The reduction of side effects by means of administration of the combination of active ingredients in one single composition was explicitly mentioned in the application as filed, page 1. Moreover, reduction of side effects (inter alia somnolence and dry mouth) was investigated in the examples (see page 13). Additionally, the reduction of side effects is not an arbitrary co-lateral effect but a significant part of a successful medium- and long-term therapy.

The technical data submitted during appeal proceedings (in particular with the appellant's letter dated 19 August 2011), which are extracted from the clinical studies and concern the comparison between the simultaneous administration in one single pharmaceutical composition of both active ingredients, and the sequential administration of the separate ingredients show that the problem has been plausibly solved. Document D12 further illustrates that the same level of side effects is attained by the BID and TID administration of brimonidine (see appellant's letter dated 14 March 2012). Therefore, the comparison submitted with the letter of 19 August 2011 concerns an acceptable comparison of the simultaneous versus the sequential administration of the two active ingredients, which shows a significant decrease in side effects (somnolence, dry mouth) vis-à-vis the closest prior art.

The solution to the problem lies in the simultaneous administration of the two active ingredients in one single pharmaceutical composition.

None of the cited documents gives any hint as to how to attain a reduction in side effects (in particular somnolence and dry mouth).

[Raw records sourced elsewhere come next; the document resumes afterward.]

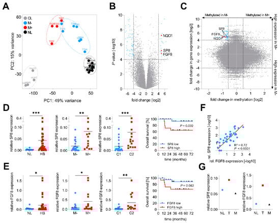 Identification of SP8 as a metastasis-associated marker of hepatoblastoma (HB). (A) principal component analysis of RNA sequencing-based expression data from 11 normal liver samples (NL, depicted in black), 7 non-metastasized (M−, in blue), 4 metastasized (M+, in red) primary tumors and 4 liver tumor cell lines (CL, in grey); (B) volcano plot displaying genes that are differentially expressed between M+ and M− tumors. Each gene is plotted with log2-fold expression change on the x-axis and negative log10 p-value on the y-axis. Genes with an absolute log2-fold change >4 and a p-value < 0.0001 are shown in blue. Candidate genes NQO1, SP8 and FGF8 are highlighted in red; (C) scatterplot with all CpG probes showing the correlation of promoter methylation and RNA expression between the M+ and M− subgroup. Genes with a fold change in methylation ≤ −1.5 and log2-fold expression change ≥4 are indicated in blue. CpG probes associated with SP8, FGF8 and NQO1 are indicated in red. (D) SP8 and (E) FGF8 expression levels were measured by Q-PCR, normalized to the house-keeping gene TBP, and categorized into NL and HB specimens, M− and M+ tumors, and the C1 and C2 subtype of the 16-gene signature [11]. Statistical significance of all experiments was calculated using the Mann–Whitney test (p < 0.05). Overall survival was calculated as time from diagnosis to death of the disease and is plotted for 35 HB patients. Statistical significance was calculated using the Mantel–Cox test; (F) correlation of SP8 and FGF8 expression in 35 tumor and 11 normal liver samples. Dots represent −log10 values of relative SP8 expression plotted versus −log10 values of relative FGF8 expression; (G) SP8 and FGF8 expression measured by Q-PCR and normalized to the house-keeping gene TBP in a patient with surgically removed metastasis (M) and primary tumor (T) with adjacent normal liver (NL). * p < 0.05, ** p < 0.01, *** p < 0.001.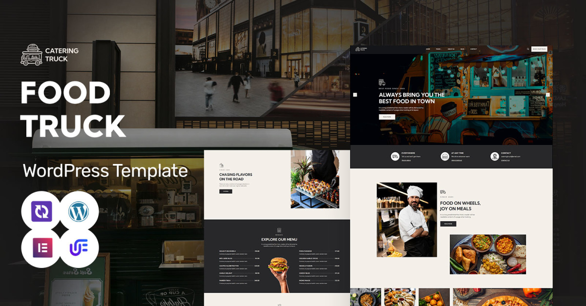 Этот шаблон WordPress для Catering Truck — это яркая, легко настраиваемая и удобная тема, разработанная для того, чтобы помочь владельцам фургонов с едой, уличным торговцам и небольшим мобильным ресторанам создать привлекательный и полностью функциональный веб-сайт. Благодаря современному и адаптивному дизайну этот шаблон гарантирует, что ваш веб-сайт будет выглядеть потрясающе на любом устройстве, от настольных компьютеров до смартфонов и планшетов.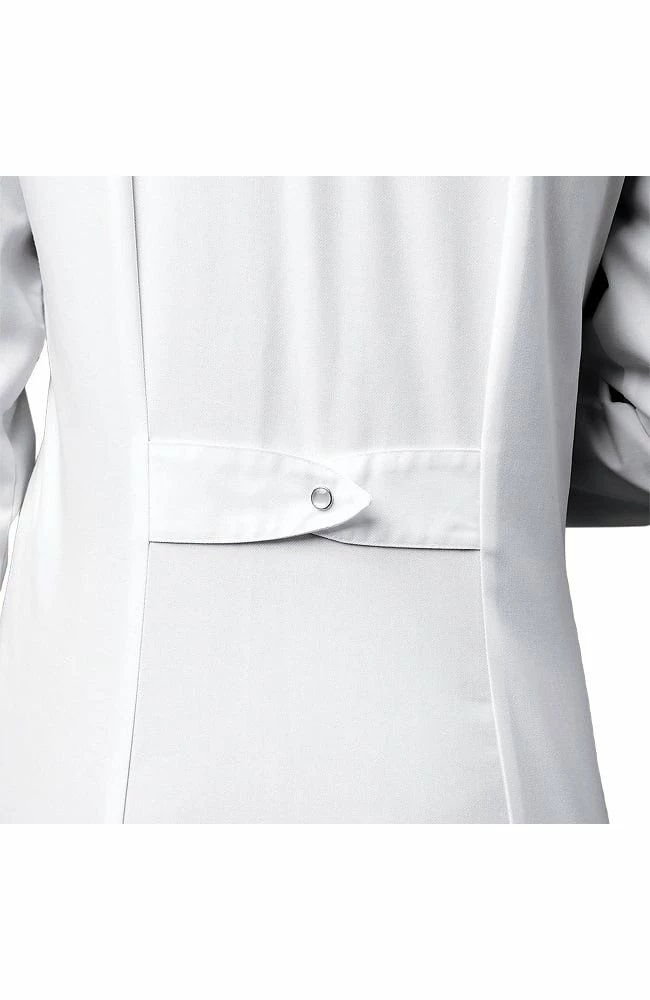 This classic notched-lapel lab coat with a snap front closure is from Professional Whites by Cherokee. Multiple pockets include 2 roomy patch pockets, a cell phone pocket and a chest pocket with a pencil stitch. It has a snap back belt detail and side vents. Princess seaming as well as front darts and a back yoke provide easy shaping.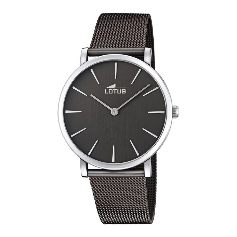 Montre Lotus Minimalist Acier Blanc Ronde Quartz 40mm Fond Noir Bracelet Acier Noir 18771/1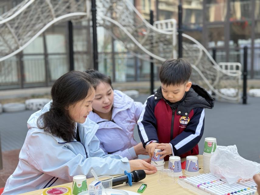 现场陈列的纸杯火箭小巧可爱,承载着孩子们的航天憧憬。在师范生的引导下,孩子们亲手按压装置、释放动力,看着纸杯火箭直冲云霄,在欢声笑语中感受航天探索的乐趣。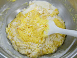 ➀にオレンジ生地にはオレンジピールと粉類【A】を加えて、ゴムベラでさっくりと合わせます。
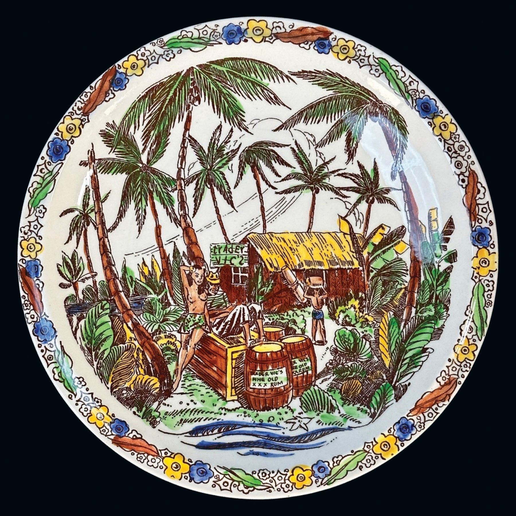 (1940s) Spectacular and somewhat scarce Trader Vic's souvenir plate produced by mythic pottery manufacturer, Vernon Kilns. VG+. 9.5"dia.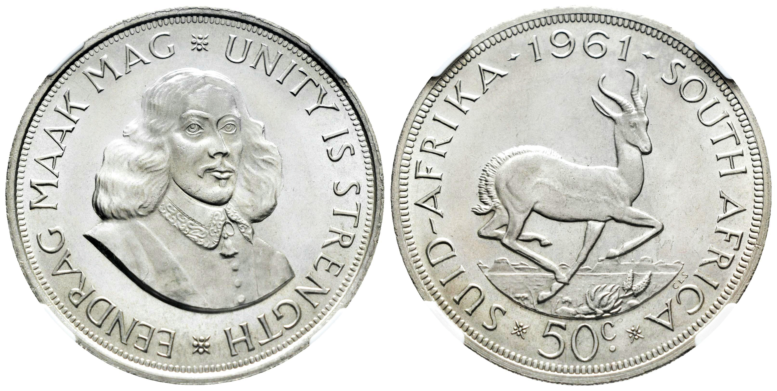 South Africa. 50 cents. 1961. (Km-62). Ag. Slabbed by NGC as PL. Est...70,00.

In view of the above analysis, the subject-matter of claim 1 of the main request meets the requirements of Article 56 EPC. Claims 2 to 4 are dependent claims on claim 1 and, thus, the conclusion achieved for claim 1 applies for analogous reasons.

ORDER

For these reasons it is decided that:

1. The decision under appeal is set aside.

2. The case is remitted to the first instance with the order to grant a patent on the basis of the set of claims of the main request filed with the letter of 14 March 2012 and a description to be adapted.